____ Recorded data
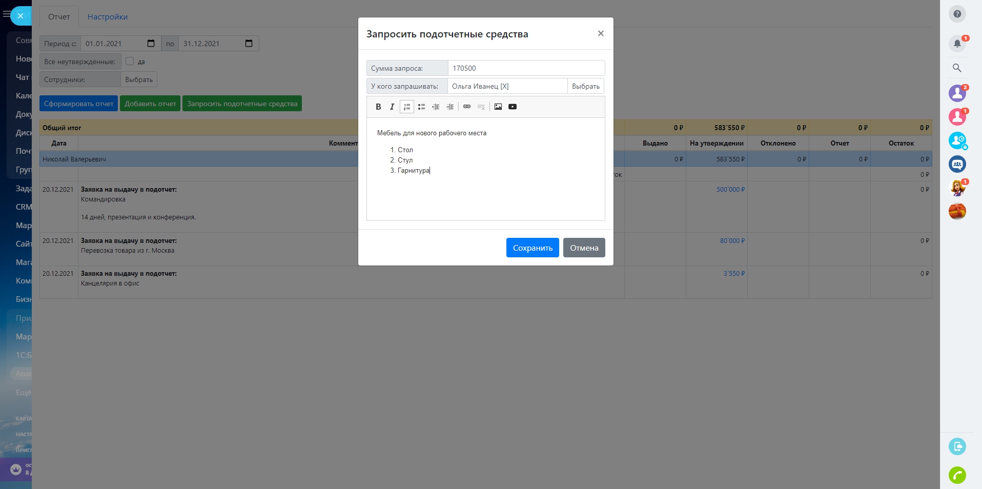 В окне создания запроса можно указать сумму запроса, сотрудника (у кого запрашивать) и описание.
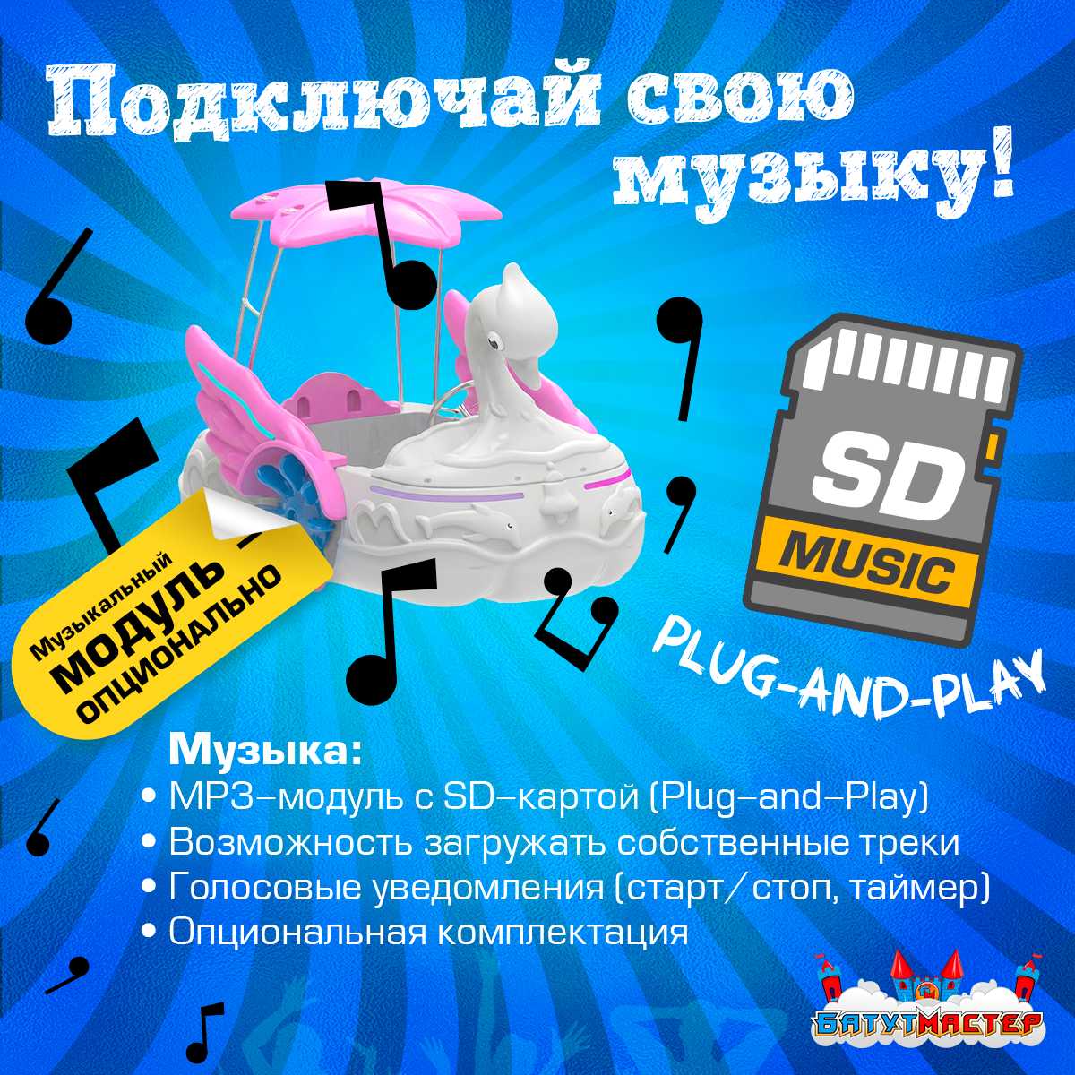 🎵 Музыкальный модуль с SD-картой — загружайте любимые треки и создавайте атмосферу праздника.
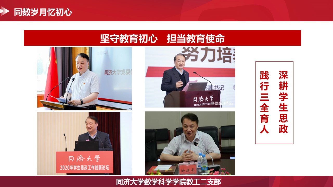 近日,学院教工二支部积极开展年度对标争先项目——“同数岁月忆初心”主题系列学习交流活动。邀请多名优秀老党员老师在支部分享他们在新葡的京集团35222vip的奋斗故事,支部党员在“忆初心”的讲述中汲取同济数学精神力量。
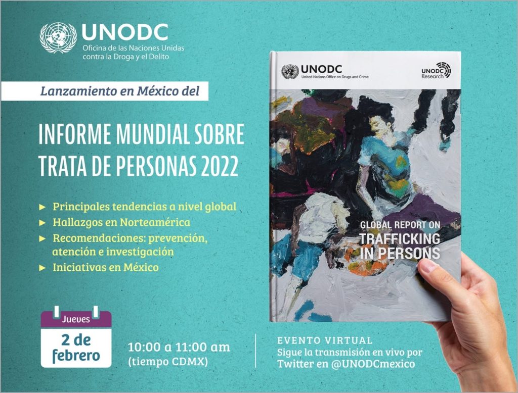 Informe UNODC sobre trata de personasPor Adán Larracilla Márquez / 30 enero, 2023 Hola, #Agéndalo y comparte Lanzamiento en México del Informe Mundial sobre Trata de Personas 2022📆02 de febrero⌚10:00 hrs CDMX💻#EnVivo desde Twitter @UNODCmexicoInformes Lic. Huri Vilchis 55 8559 55 51 en horas hábiles
________
Output the data exactly as it is, with the pictures dropped.

 В окне создания запроса можно указать сумму запроса, сотрудника (у кого запрашивать) и описание.
 🎵 Музыкальный модуль с SD-картой — загружайте любимые треки и создавайте атмосферу праздника.
 近日,学院教工二支部积极开展年度对标争先项目——“同数岁月忆初心”主题系列学习交流活动。邀请多名优秀老党员老师在支部分享他们在新葡的京集团35222vip的奋斗故事,支部党员在“忆初心”的讲述中汲取同济数学精神力量。
 Informe UNODC sobre trata de personasPor Adán Larracilla Márquez / 30 enero, 2023 Hola, #Agéndalo y comparte Lanzamiento en México del Informe Mundial sobre Trata de Personas 2022📆02 de febrero⌚10:00 hrs CDMX💻#EnVivo desde Twitter @UNODCmexicoInformes Lic. Huri Vilchis 55 8559 55 51 en horas hábiles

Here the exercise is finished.